Why is it overrated? Just because it's a movie about a famous genius, and it's half in black and white for some reason, and everyone in it is upper class high society, that doesn't automatically make it Important.
Maestro reminded me of the Fosse/Verdon miniseries, and not just because Mulligan and Michelle Williams look alike. That show also dealt with the power dynamics in a creative power couple, and did it better.
The wandering camera and oblique shot composition felt arty for its own sake. Why is that guy's head half out of frame? Why is that lady behind a drapery while delivering her lines? Where is the camera going now? Nobody knows. The camera seems to reluctantly follow the action, like Cooper is desperate not to make a cookie-cutter mainstream biopic, and every muddy, overlapping conversation is like a parody of an Altman film. Then the script occasionally reverts to plainspoken revelations, like when Felicia finally snaps at Lenny on Thanksgiving in their Dakota apartment, yelling at Lenny exactly who he is and why, while the Macy's balloons float by outside. Then later, after a movie full of deeply expressive and subtle reactions, Felicia has lunch with Lenny's sister (Sarah Silverman) and just explains prosaically how she feels and why.
Also baffling is the one scene of magical realism, early in the film, where Lenny takes Felicia into his musical On The Town and they become integrated into the sailors' ballet. As a metaphor about their courtship and budding romance, it's nice, and it's a showcase for his music and the choreography, but it doesn't happen again. All the other examples of his music onscreen are diegetic live musical performances. Nothing is actually staged. And many people expecting acknowledgement of his most famous work will be disappointed. It feels intentional that West Side Story is not really in the movie. It's only mentioned tangentially, and its (instrumental) music only appears on the soundtrack briefly, as the score to a minor bit of action.

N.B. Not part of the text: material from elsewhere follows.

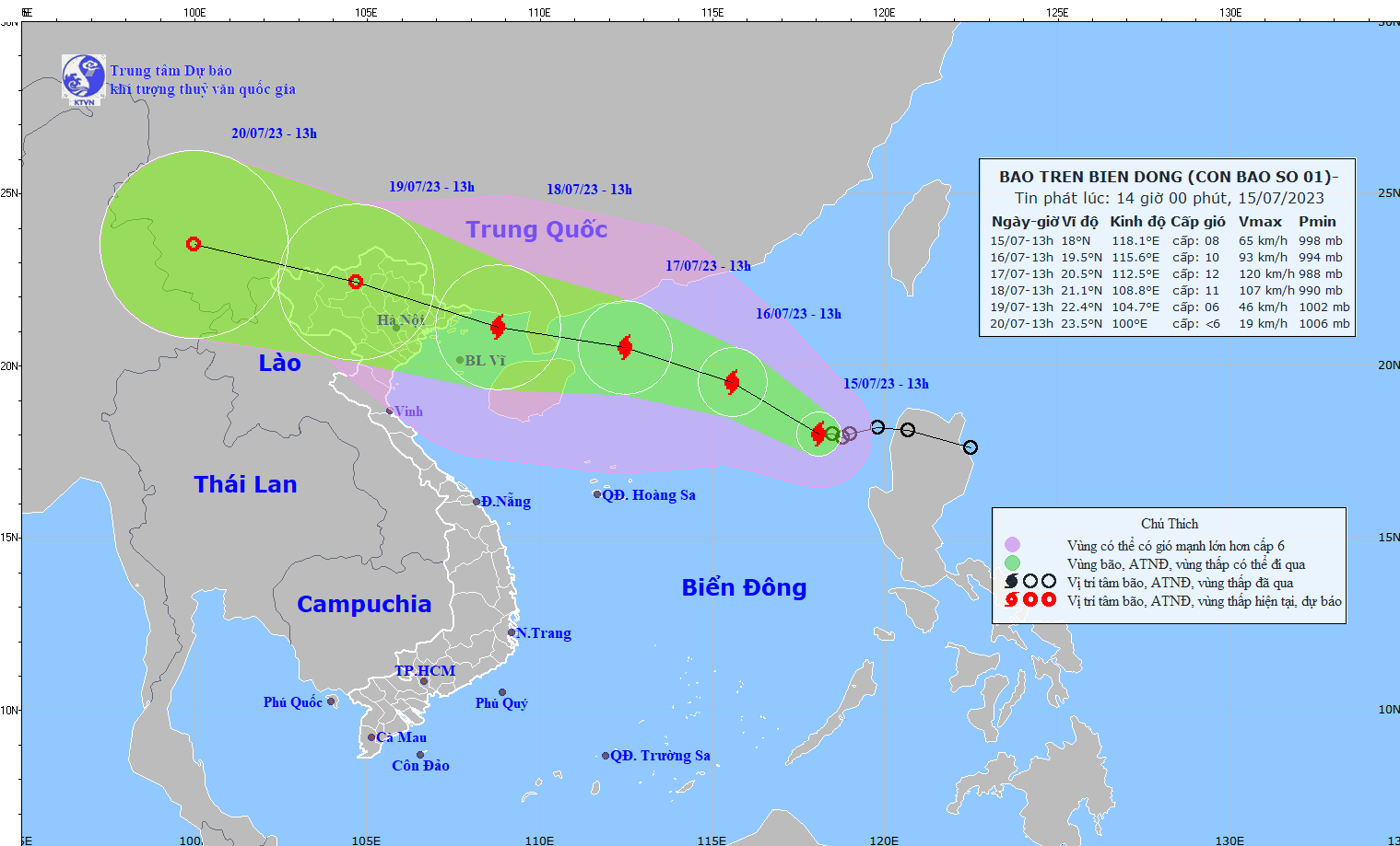 Bão số 1 sẽ đạt cường độ mạnh nhất vào ngày 17/7

Is the music amazing? Yes. Is the epic seven-minute shot of Lenny conducting impressive? Yes, if I knew why the camera moves where it does. A seven minute shot with no cuts should not leave me wondering "why is it circling around him counter-clockwise, then circling back the other way?" - I should just be thinking about the drama. My Stub Hubby grade: C-plus (on Netflix, at home alone with the cat)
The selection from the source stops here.